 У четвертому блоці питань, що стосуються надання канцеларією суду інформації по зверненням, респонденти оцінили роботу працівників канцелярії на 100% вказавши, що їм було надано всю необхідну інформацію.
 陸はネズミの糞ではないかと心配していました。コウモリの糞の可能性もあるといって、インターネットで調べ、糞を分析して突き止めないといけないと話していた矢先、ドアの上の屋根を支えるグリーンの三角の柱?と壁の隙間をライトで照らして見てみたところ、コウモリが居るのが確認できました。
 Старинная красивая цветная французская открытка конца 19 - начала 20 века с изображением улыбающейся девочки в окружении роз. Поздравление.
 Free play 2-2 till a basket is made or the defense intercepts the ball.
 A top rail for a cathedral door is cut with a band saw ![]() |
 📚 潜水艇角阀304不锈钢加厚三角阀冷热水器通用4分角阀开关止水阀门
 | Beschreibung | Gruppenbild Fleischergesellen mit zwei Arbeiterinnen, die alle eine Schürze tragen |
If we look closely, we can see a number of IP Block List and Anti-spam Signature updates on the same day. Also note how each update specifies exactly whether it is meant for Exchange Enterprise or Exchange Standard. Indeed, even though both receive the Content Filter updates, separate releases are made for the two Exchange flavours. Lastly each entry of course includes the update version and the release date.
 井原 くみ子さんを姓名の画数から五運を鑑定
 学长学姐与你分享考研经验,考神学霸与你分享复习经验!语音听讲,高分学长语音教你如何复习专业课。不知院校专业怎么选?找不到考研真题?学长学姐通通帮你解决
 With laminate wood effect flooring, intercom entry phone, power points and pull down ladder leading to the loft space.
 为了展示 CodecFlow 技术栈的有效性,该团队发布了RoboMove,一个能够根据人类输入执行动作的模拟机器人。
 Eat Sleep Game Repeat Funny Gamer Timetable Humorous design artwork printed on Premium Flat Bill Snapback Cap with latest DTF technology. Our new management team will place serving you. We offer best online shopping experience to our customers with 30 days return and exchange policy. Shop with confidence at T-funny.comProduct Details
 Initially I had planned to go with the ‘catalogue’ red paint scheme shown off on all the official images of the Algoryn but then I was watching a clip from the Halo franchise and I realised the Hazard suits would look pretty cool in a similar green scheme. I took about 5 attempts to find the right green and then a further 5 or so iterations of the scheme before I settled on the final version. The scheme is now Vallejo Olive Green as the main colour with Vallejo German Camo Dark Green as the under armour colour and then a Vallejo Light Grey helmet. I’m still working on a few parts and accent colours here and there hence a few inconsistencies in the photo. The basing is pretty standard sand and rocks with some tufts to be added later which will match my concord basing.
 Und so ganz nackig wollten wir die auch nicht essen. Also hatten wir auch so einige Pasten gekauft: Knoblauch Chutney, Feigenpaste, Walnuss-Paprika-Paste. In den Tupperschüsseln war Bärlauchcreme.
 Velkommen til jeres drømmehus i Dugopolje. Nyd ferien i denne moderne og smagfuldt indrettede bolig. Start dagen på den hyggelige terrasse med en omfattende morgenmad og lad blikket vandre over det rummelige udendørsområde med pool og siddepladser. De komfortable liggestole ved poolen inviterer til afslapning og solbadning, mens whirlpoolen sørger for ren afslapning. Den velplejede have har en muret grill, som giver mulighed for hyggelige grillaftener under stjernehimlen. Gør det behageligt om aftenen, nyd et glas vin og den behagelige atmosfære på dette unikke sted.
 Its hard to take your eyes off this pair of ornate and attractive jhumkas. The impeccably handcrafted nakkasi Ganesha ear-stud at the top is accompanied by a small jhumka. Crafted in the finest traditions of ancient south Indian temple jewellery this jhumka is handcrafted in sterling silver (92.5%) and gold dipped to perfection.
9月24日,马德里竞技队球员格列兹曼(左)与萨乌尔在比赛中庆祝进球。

> [WHAT YOU HAVE TO DO] Output the data above exactly, please, line for line.

> [ANSWER BOX]
 У четвертому блоці питань, що стосуються надання канцеларією суду інформації по зверненням, респонденти оцінили роботу працівників канцелярії на 100% вказавши, що їм було надано всю необхідну інформацію.
 陸はネズミの糞ではないかと心配していました。コウモリの糞の可能性もあるといって、インターネットで調べ、糞を分析して突き止めないといけないと話していた矢先、ドアの上の屋根を支えるグリーンの三角の柱?と壁の隙間をライトで照らして見てみたところ、コウモリが居るのが確認できました。
 Старинная красивая цветная французская открытка конца 19 - начала 20 века с изображением улыбающейся девочки в окружении роз. Поздравление.
 Free play 2-2 till a basket is made or the defense intercepts the ball.
 A top rail for a cathedral door is cut with a band saw ![]() |
 📚 潜水艇角阀304不锈钢加厚三角阀冷热水器通用4分角阀开关止水阀门
 | Beschreibung | Gruppenbild Fleischergesellen mit zwei Arbeiterinnen, die alle eine Schürze tragen |
If we look closely, we can see a number of IP Block List and Anti-spam Signature updates on the same day. Also note how each update specifies exactly whether it is meant for Exchange Enterprise or Exchange Standard. Indeed, even though both receive the Content Filter updates, separate releases are made for the two Exchange flavours. Lastly each entry of course includes the update version and the release date.
 井原 くみ子さんを姓名の画数から五運を鑑定
 学长学姐与你分享考研经验,考神学霸与你分享复习经验!语音听讲,高分学长语音教你如何复习专业课。不知院校专业怎么选?找不到考研真题?学长学姐通通帮你解决
 With laminate wood effect flooring, intercom entry phone, power points and pull down ladder leading to the loft space.
 为了展示 CodecFlow 技术栈的有效性,该团队发布了RoboMove,一个能够根据人类输入执行动作的模拟机器人。
 Eat Sleep Game Repeat Funny Gamer Timetable Humorous design artwork printed on Premium Flat Bill Snapback Cap with latest DTF technology. Our new management team will place serving you. We offer best online shopping experience to our customers with 30 days return and exchange policy. Shop with confidence at T-funny.comProduct Details
 Initially I had planned to go with the ‘catalogue’ red paint scheme shown off on all the official images of the Algoryn but then I was watching a clip from the Halo franchise and I realised the Hazard suits would look pretty cool in a similar green scheme. I took about 5 attempts to find the right green and then a further 5 or so iterations of the scheme before I settled on the final version. The scheme is now Vallejo Olive Green as the main colour with Vallejo German Camo Dark Green as the under armour colour and then a Vallejo Light Grey helmet. I’m still working on a few parts and accent colours here and there hence a few inconsistencies in the photo. The basing is pretty standard sand and rocks with some tufts to be added later which will match my concord basing.
 Und so ganz nackig wollten wir die auch nicht essen. Also hatten wir auch so einige Pasten gekauft: Knoblauch Chutney, Feigenpaste, Walnuss-Paprika-Paste. In den Tupperschüsseln war Bärlauchcreme.
 Velkommen til jeres drømmehus i Dugopolje. Nyd ferien i denne moderne og smagfuldt indrettede bolig. Start dagen på den hyggelige terrasse med en omfattende morgenmad og lad blikket vandre over det rummelige udendørsområde med pool og siddepladser. De komfortable liggestole ved poolen inviterer til afslapning og solbadning, mens whirlpoolen sørger for ren afslapning. Den velplejede have har en muret grill, som giver mulighed for hyggelige grillaftener under stjernehimlen. Gør det behageligt om aftenen, nyd et glas vin og den behagelige atmosfære på dette unikke sted.
 Its hard to take your eyes off this pair of ornate and attractive jhumkas. The impeccably handcrafted nakkasi Ganesha ear-stud at the top is accompanied by a small jhumka. Crafted in the finest traditions of ancient south Indian temple jewellery this jhumka is handcrafted in sterling silver (92.5%) and gold dipped to perfection.
9月24日,马德里竞技队球员格列兹曼(左)与萨乌尔在比赛中庆祝进球。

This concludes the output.